** Information provided follows **
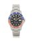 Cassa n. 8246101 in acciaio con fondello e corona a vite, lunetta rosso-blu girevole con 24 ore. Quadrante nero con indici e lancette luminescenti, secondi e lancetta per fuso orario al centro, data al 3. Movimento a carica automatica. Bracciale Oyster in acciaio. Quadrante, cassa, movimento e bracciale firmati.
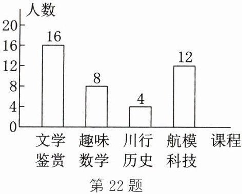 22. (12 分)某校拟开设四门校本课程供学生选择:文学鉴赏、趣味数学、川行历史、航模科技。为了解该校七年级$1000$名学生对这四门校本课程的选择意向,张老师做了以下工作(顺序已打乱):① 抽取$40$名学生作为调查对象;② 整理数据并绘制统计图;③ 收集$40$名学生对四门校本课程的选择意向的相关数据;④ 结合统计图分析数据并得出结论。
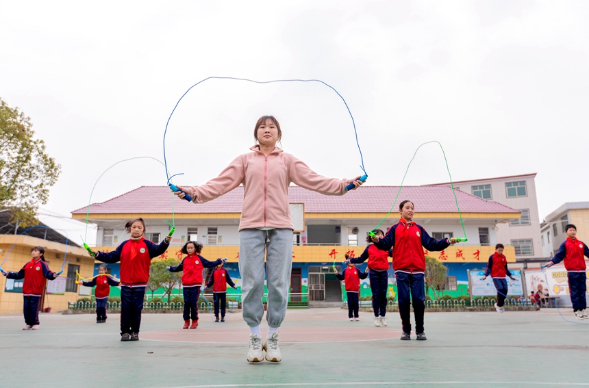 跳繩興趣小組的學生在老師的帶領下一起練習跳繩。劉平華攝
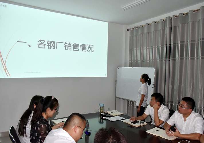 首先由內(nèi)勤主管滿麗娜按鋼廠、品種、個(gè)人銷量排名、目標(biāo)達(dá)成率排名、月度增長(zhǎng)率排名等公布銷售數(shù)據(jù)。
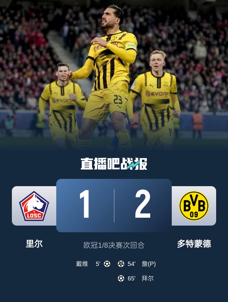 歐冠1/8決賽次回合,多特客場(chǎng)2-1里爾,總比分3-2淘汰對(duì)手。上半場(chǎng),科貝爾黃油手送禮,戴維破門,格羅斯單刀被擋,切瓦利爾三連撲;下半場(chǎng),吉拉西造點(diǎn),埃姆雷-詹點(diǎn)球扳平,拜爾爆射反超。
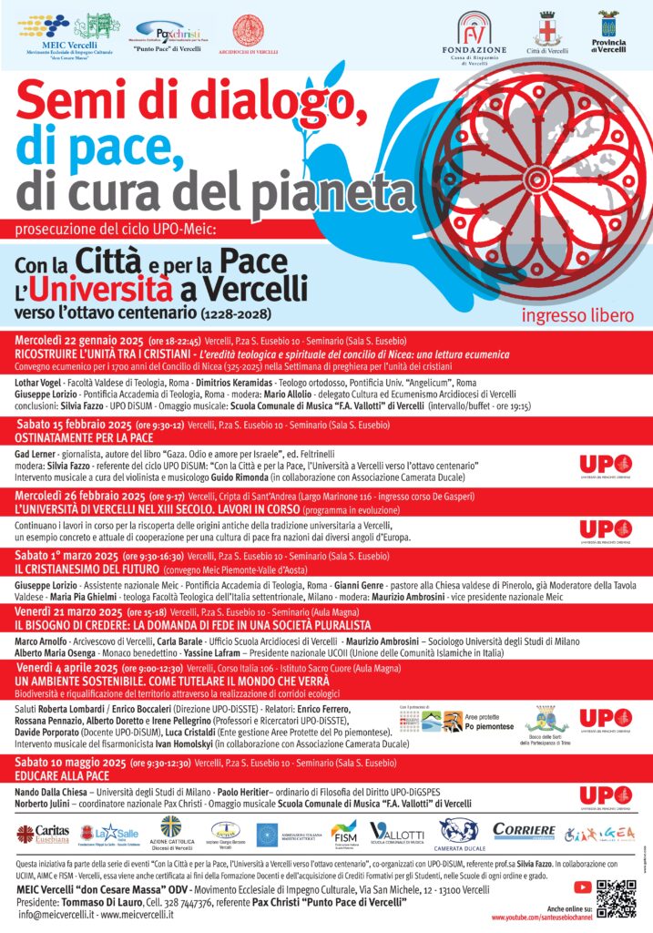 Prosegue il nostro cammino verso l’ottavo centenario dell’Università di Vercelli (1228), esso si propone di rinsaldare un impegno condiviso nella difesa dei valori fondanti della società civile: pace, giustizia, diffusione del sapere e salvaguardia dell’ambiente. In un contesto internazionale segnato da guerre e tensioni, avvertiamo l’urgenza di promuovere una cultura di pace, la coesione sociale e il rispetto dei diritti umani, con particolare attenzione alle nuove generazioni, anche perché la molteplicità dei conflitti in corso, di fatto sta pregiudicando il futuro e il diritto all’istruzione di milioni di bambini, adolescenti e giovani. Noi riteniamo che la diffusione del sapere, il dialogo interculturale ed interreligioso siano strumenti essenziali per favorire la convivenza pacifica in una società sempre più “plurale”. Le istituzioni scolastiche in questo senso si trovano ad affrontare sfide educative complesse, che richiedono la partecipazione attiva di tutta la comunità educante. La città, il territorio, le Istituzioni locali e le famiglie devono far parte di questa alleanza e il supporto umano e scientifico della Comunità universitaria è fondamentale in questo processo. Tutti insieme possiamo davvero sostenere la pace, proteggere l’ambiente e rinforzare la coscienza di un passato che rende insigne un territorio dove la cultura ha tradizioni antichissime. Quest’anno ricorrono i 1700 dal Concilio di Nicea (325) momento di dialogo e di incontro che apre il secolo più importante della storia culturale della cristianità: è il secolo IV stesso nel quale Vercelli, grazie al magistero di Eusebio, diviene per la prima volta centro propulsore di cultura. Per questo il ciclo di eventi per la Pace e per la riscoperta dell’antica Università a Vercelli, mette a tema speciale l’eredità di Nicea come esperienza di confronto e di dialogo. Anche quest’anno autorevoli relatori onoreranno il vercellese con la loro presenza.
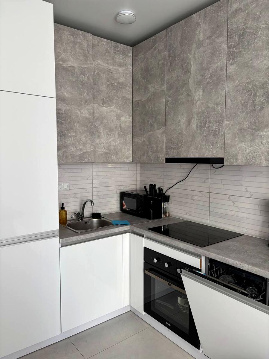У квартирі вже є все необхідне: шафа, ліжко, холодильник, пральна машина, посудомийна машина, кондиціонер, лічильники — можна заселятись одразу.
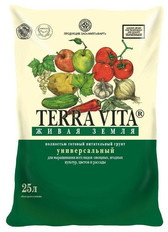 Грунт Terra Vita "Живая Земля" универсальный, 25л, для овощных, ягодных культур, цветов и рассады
** End of Information provided **
** Information provided follows **
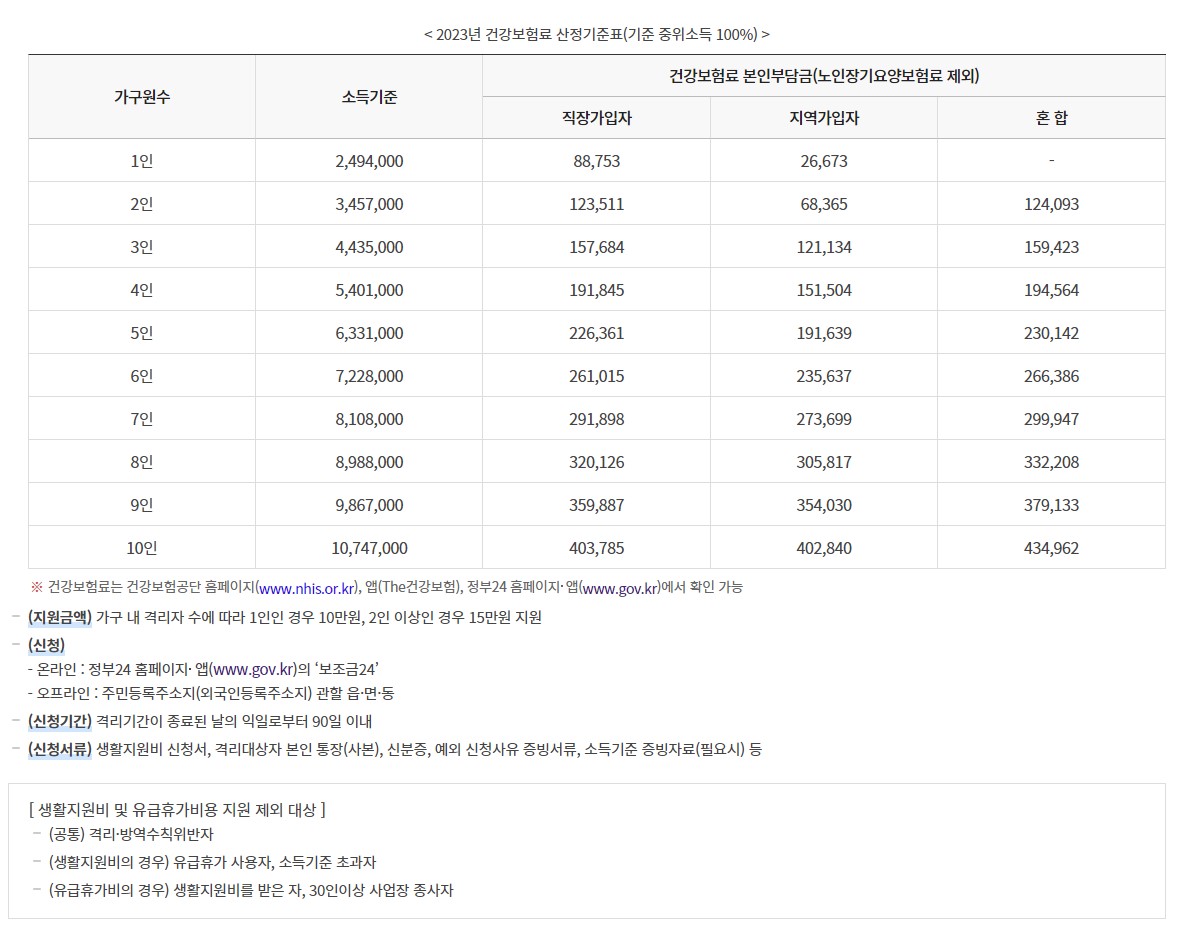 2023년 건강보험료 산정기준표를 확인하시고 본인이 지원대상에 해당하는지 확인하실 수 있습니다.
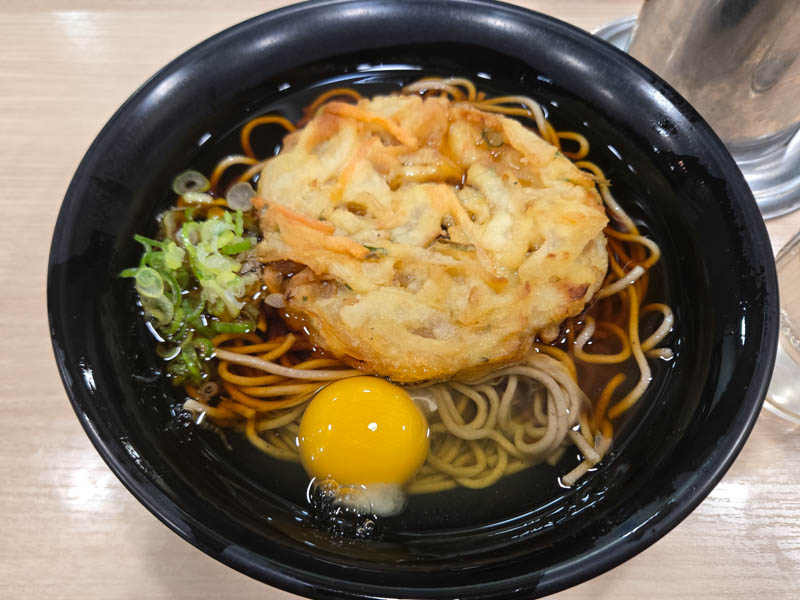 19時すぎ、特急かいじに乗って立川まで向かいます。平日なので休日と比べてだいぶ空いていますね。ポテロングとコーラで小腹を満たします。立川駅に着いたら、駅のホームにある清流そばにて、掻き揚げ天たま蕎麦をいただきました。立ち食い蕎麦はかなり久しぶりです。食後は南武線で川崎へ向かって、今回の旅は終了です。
** End of Information provided **
▶ Task prompt: What is wanted is an exact copy of the lines above from the one containing "У квартирі вже" through the one containing "Грунт Terra Vita", with no pictures in it.

▶ Answer to the exercise:
У квартирі вже є все необхідне: шафа, ліжко, холодильник, пральна машина, посудомийна машина, кондиціонер, лічильники — можна заселятись одразу.
 Грунт Terra Vita "Живая Земля" универсальный, 25л, для овощных, ягодных культур, цветов и рассады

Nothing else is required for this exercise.